== Exercise data
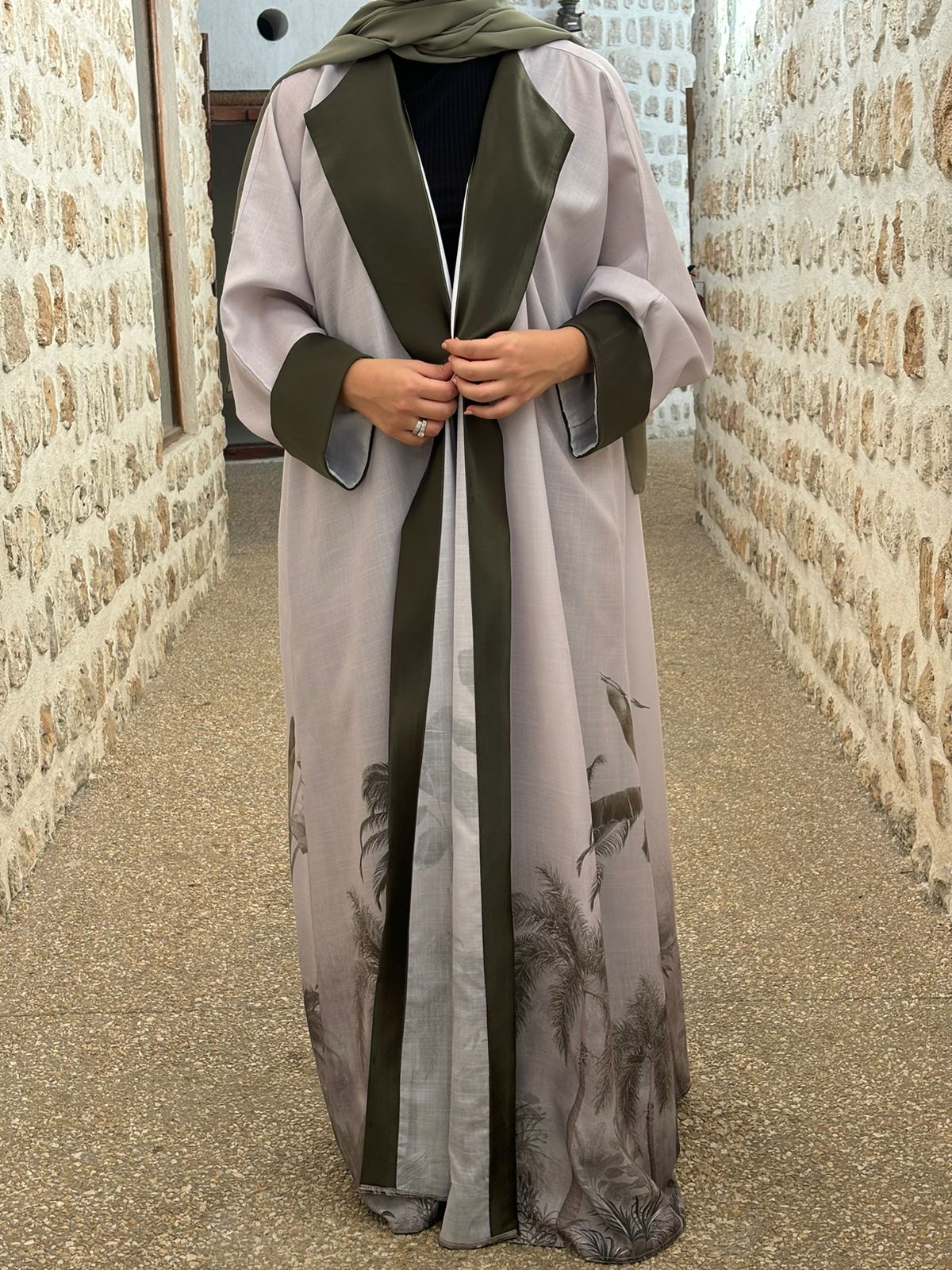 Elevate your style with the Palm Abaya, crafted from premium beige linen for a luxurious, soft touch. Detailed with satin accents on the sleeves and top, it’s finished with a graceful green palm pattern along the hem, adding a refined, nature-inspired elegance.
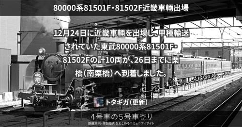 12月24日に近畿車輛を出場し、甲種輸送されていた東武80000系81501F・81502Fの計10両が、26日までに栗橋(南栗橋)へ到着しました。
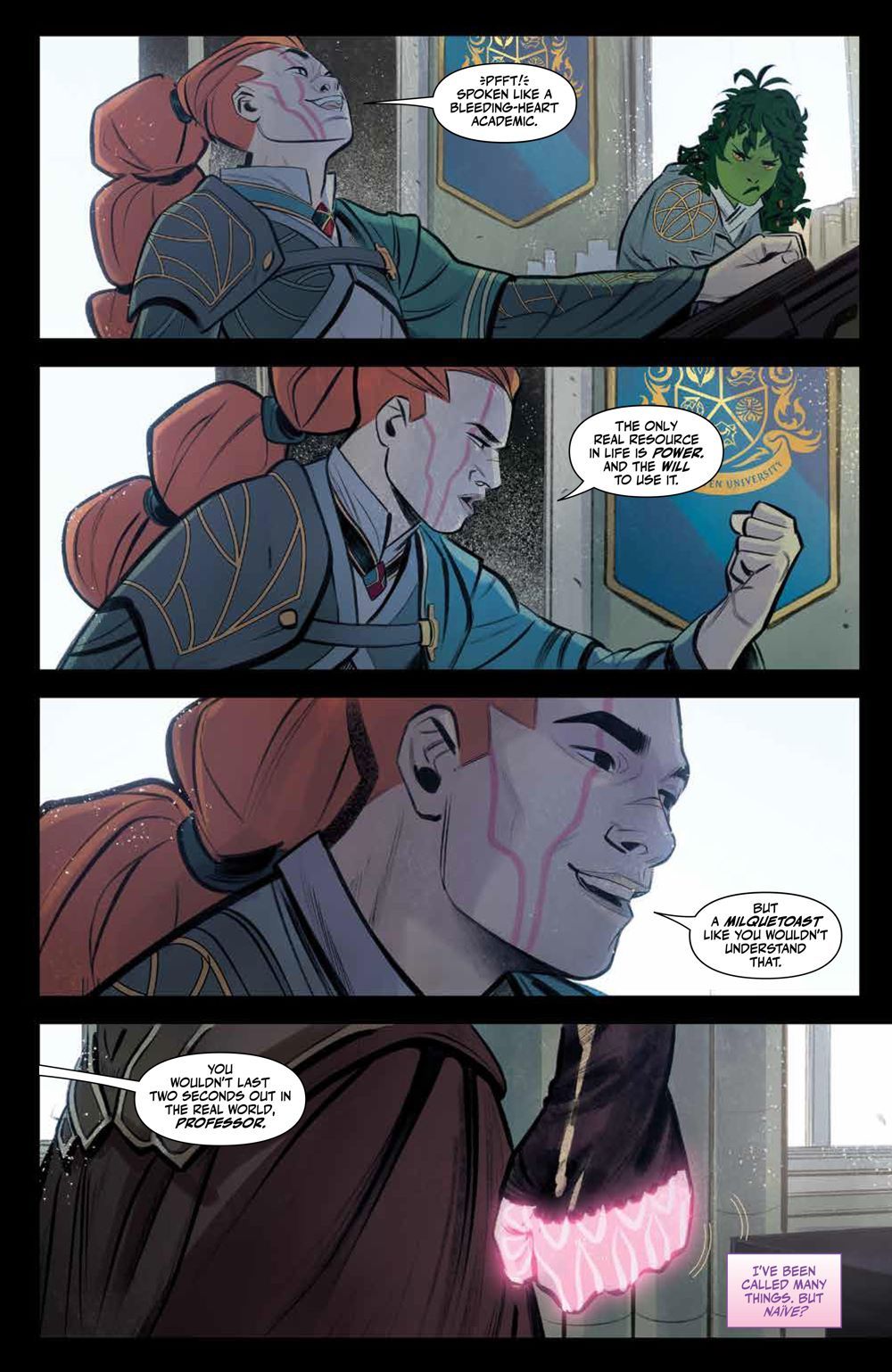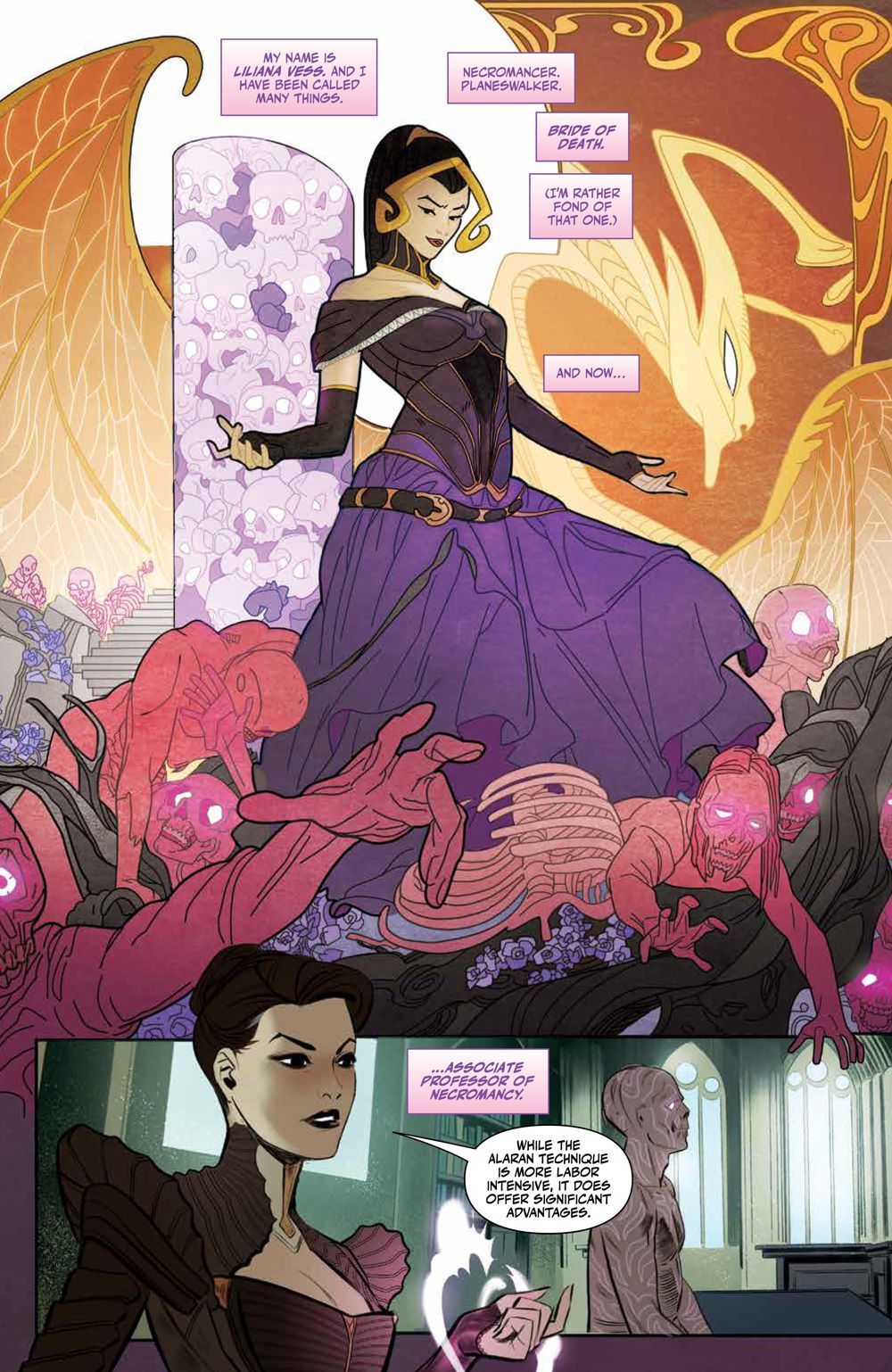 NEW SERIES. Delve even deeper into the Magic: The Gathering universe with comic and screenwriter Mairghread Scott (Transformers, Guardians of the Galaxy) and artist Fabiana Mascolo (Firefly: Brand New 'Verse)! While our heroes have many dangers to face throughout the multiverse, the powerful Necromancer Liliana Vess returns to her new home as a professor at the greatest college of magic in the Multiverse. But she doesn't return alone. Sensing the presence of a distant planeswalker calling for help... one with the power to save, or destroy, entire planes, puts her on a collision course with the diabolical machinations of the Tezzeret, the Master of Metal...
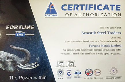 "Swastik steel traders" is appointed as authorised distributor of "Fortune TMT ".
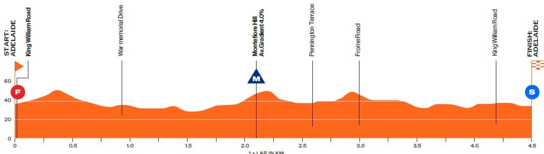 Esta edición del Tour Down Under cierra con un circuito urbano en Adelaida totalmente llano en el que ya no habrán diferencias de tiempo. Oportunidad que queda muy bien para los sprinters más puros que vengan a esta carrera de estar 100% en su elemento.
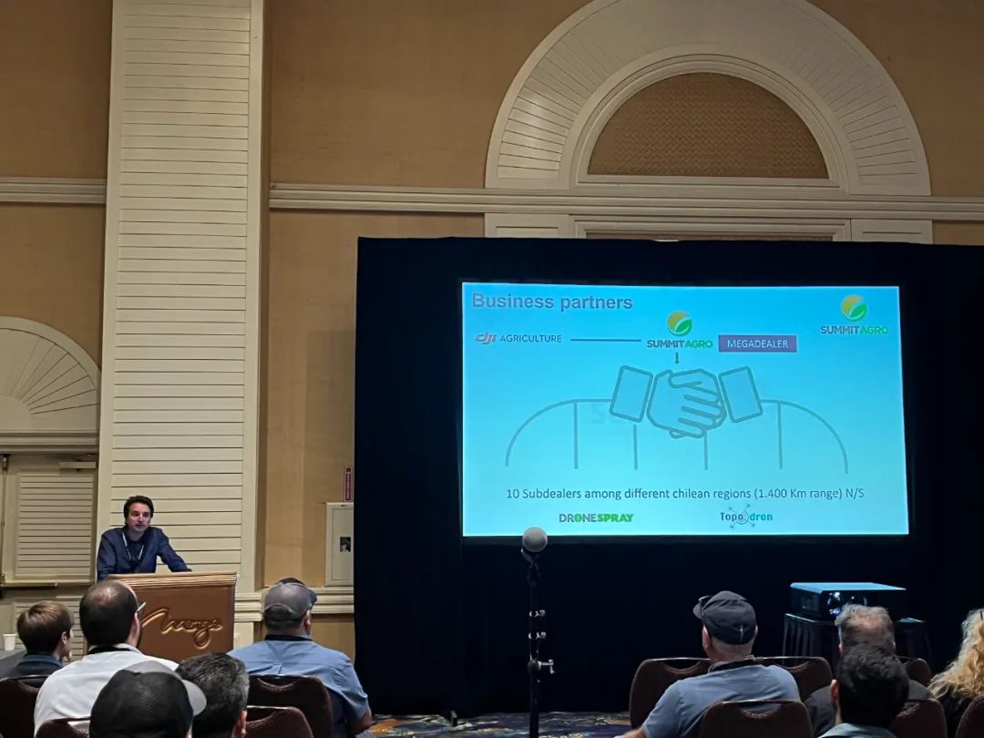 在大疆 AirWorks 2022 开幕前夕,大疆农业在美国拉斯维加斯举办美洲代理商大会。来自美洲十多个国家的近 100 个伙伴聚集在一起交流心得、分享经验,共同推动大疆农业全球化发展。
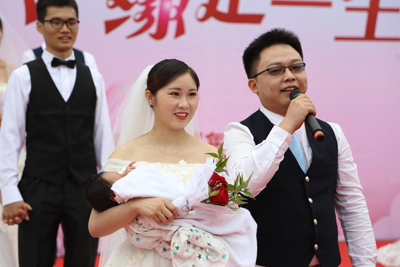 2007级校友吴茂乾代表新人发表真挚感言,感恩科大,感谢妻子,在科大相遇是他们最幸运的事,可爱的小宝宝是他们幸福生活的最好诠释。
====
What you have to do
Write the data above out exactly. Leave out any pictures.

Your response
 Elevate your style with the Palm Abaya, crafted from premium beige linen for a luxurious, soft touch. Detailed with satin accents on the sleeves and top, it’s finished with a graceful green palm pattern along the hem, adding a refined, nature-inspired elegance.
 12月24日に近畿車輛を出場し、甲種輸送されていた東武80000系81501F・81502Fの計10両が、26日までに栗橋(南栗橋)へ到着しました。
 NEW SERIES. Delve even deeper into the Magic: The Gathering universe with comic and screenwriter Mairghread Scott (Transformers, Guardians of the Galaxy) and artist Fabiana Mascolo (Firefly: Brand New 'Verse)! While our heroes have many dangers to face throughout the multiverse, the powerful Necromancer Liliana Vess returns to her new home as a professor at the greatest college of magic in the Multiverse. But she doesn't return alone. Sensing the presence of a distant planeswalker calling for help... one with the power to save, or destroy, entire planes, puts her on a collision course with the diabolical machinations of the Tezzeret, the Master of Metal...
 "Swastik steel traders" is appointed as authorised distributor of "Fortune TMT ".
 Esta edición del Tour Down Under cierra con un circuito urbano en Adelaida totalmente llano en el que ya no habrán diferencias de tiempo. Oportunidad que queda muy bien para los sprinters más puros que vengan a esta carrera de estar 100% en su elemento.
 在大疆 AirWorks 2022 开幕前夕,大疆农业在美国拉斯维加斯举办美洲代理商大会。来自美洲十多个国家的近 100 个伙伴聚集在一起交流心得、分享经验,共同推动大疆农业全球化发展。
 2007级校友吴茂乾代表新人发表真挚感言,感恩科大,感谢妻子,在科大相遇是他们最幸运的事,可爱的小宝宝是他们幸福生活的最好诠释。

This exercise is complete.